- Born: Tracy Elizabeth Smith November 7, 1968 (age 57) Wyoming, Ohio, U.S.
- Education: Boston University (BS); University of Southern California (MA);
- Occupation: Journalist
- Years active: 1993–present
- Employer: CBS News
- Notable work: CBS News Sunday Morning; 48 Hours;
- Spouse: John D'Amelio ​(m. 1993)​
- Children: 2

= Tracy Smith (journalist) =

American journalist

Tracy Elizabeth Smith (born November 7, 1968) is a CBS news correspondent for CBS News Sunday Morning and 48 Hours. Smith is a former Channel One News anchor and correspondent.

==Early life and education==
Smith was born in Wyoming, Ohio. She graduated cum laude with a Bachelor of Science degree from Boston University's College of Communication in 1990. She then earned a master's degree in broadcast journalism from the University of Southern California in 1993.

== Career ==
In 2000, Smith joined CBS News covering national and international news events. She was a national correspondent for The Early Show and co-anchored the The Saturday Early Show as well as reporting for the CBS Evening News. Subsequently, she became a CBS news correspondent for CBS News Sunday Morning and 48 Hours. Prior to CBS, Smith was employed as a reporter by KERO-TV, and was a Channel One News anchor and correspondent.
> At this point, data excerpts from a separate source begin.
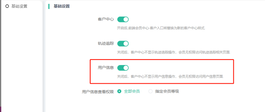(四)用户信息查看权限:全部会员、指定会员等级。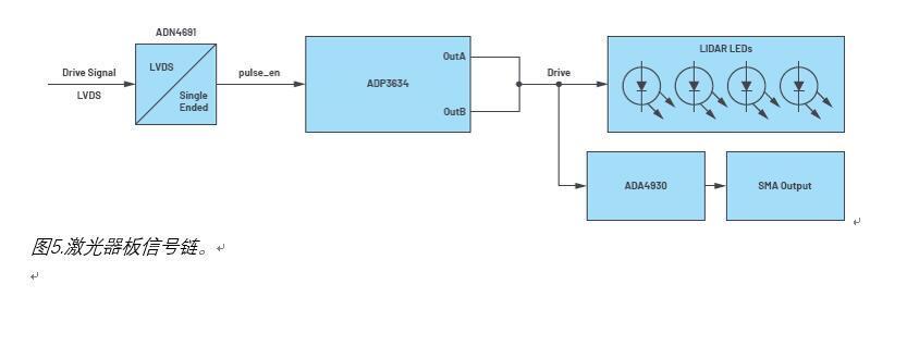 传输至激光器板,经过DAQ板以及连接DAQ和激光器板的扁平电缆期间,不易受到噪声影响。驱动信号可以返回至其中一个ADC通道,以获得飞行时间参考。采用外部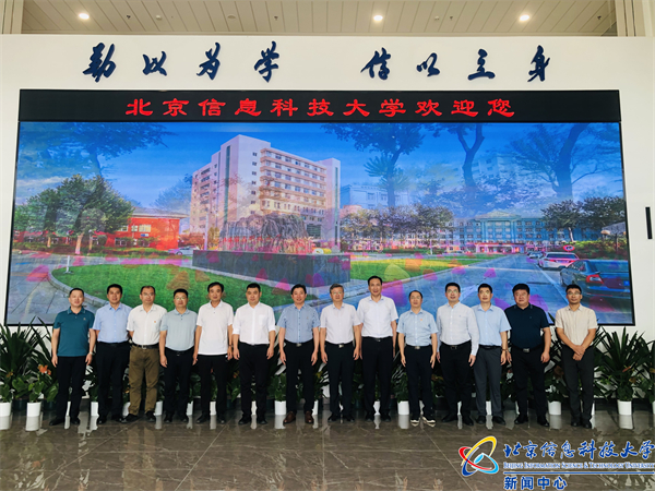 座谈前,副校长方德英热情接待了陈德康一行,对他们莅临学校调研交流表示欢迎,希望京外地方政府相关单位能结合我校办学在信息特色、行业特色、军工特色的科技创新优势,加强加深校地合作。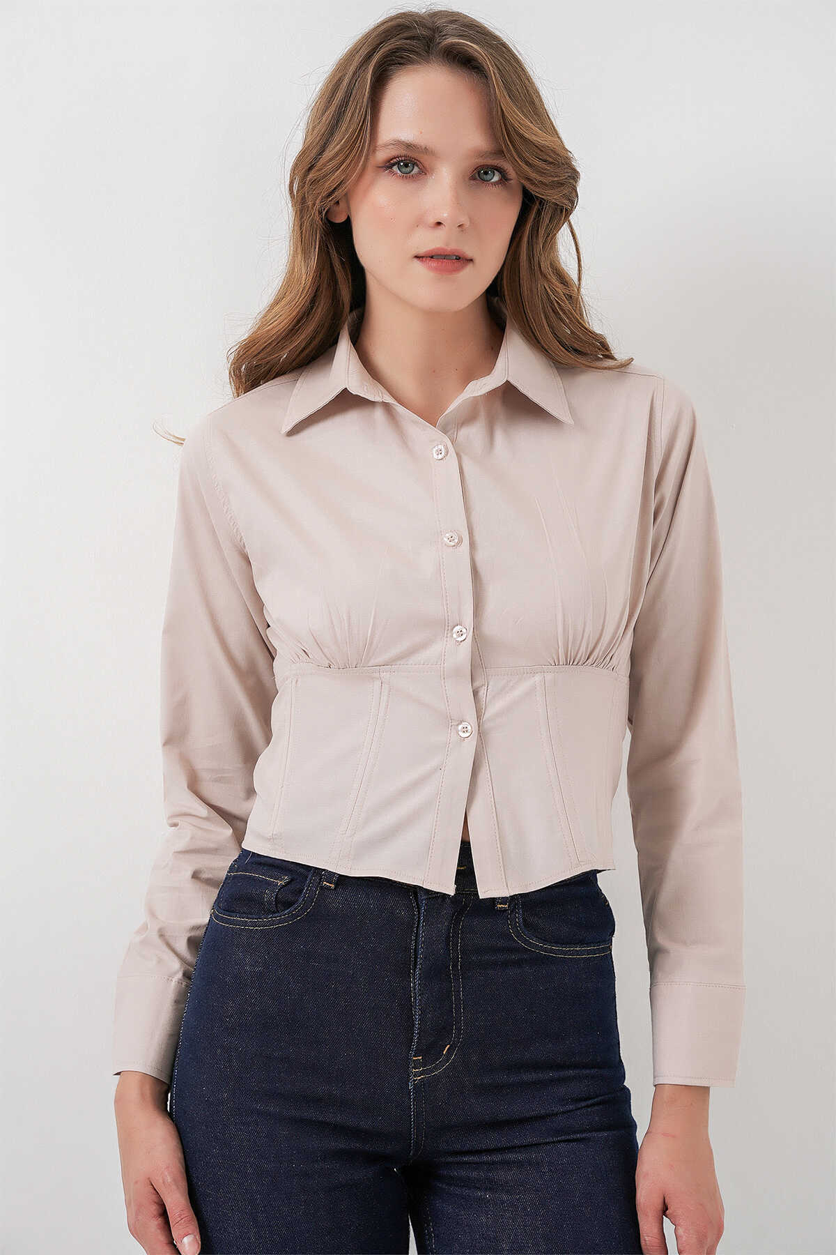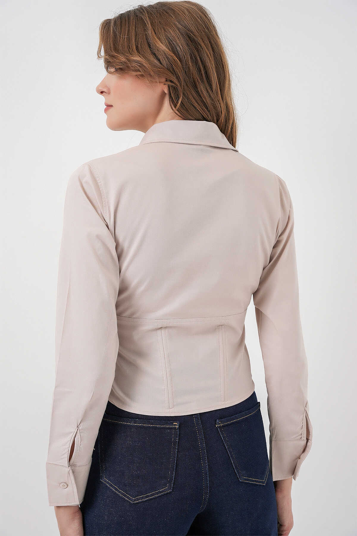 20231 Slim Fit Poplin Gömlek - Krem - Kombin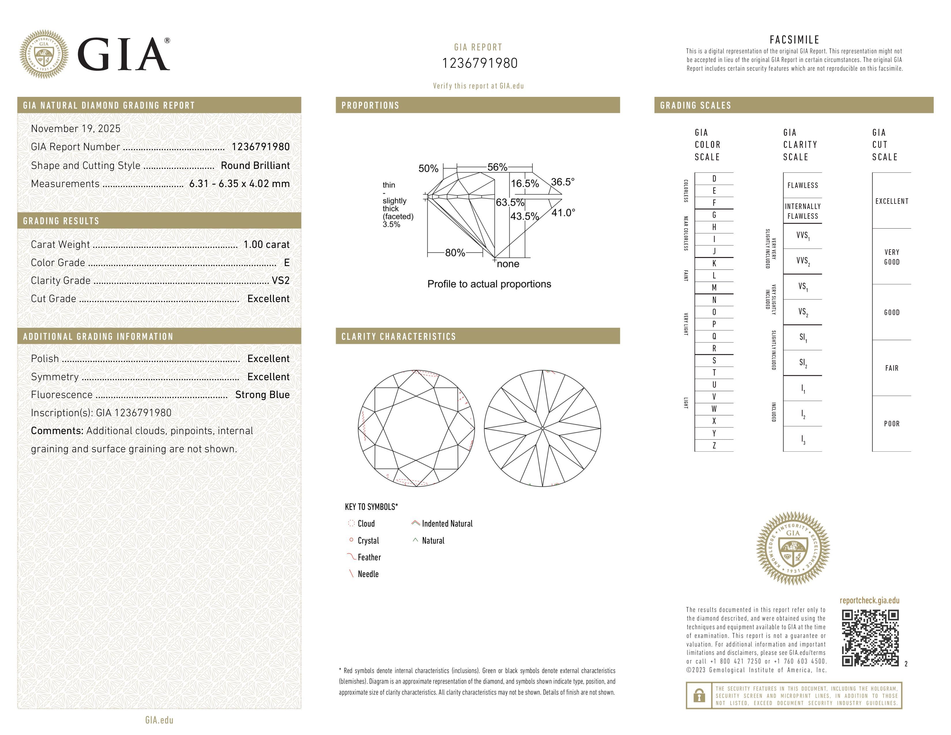(Excellent) This diamond is cut to the highest standards determined by grading laboratories. Reflecting virtually all the light that enters, this diamond was cut to maximize brilliance and sparkle. Excellent cuts are exceptionally fine and rare and have ideal proportions and finish characteristics.

In April 2015, a Wilbur Award for the best "Television & Cable News: Network or national syndication" was awarded to Smith as correspondent; her husband, John D'Amelio, as producer; and Lauren Barnello, as producer/editor for the CBS Sunday Morning show "Heavenly Voices."

== Personal life ==
In August 1993, Smith married CBS News Sunday Morning producer John D'Amelio, with whom she has two children.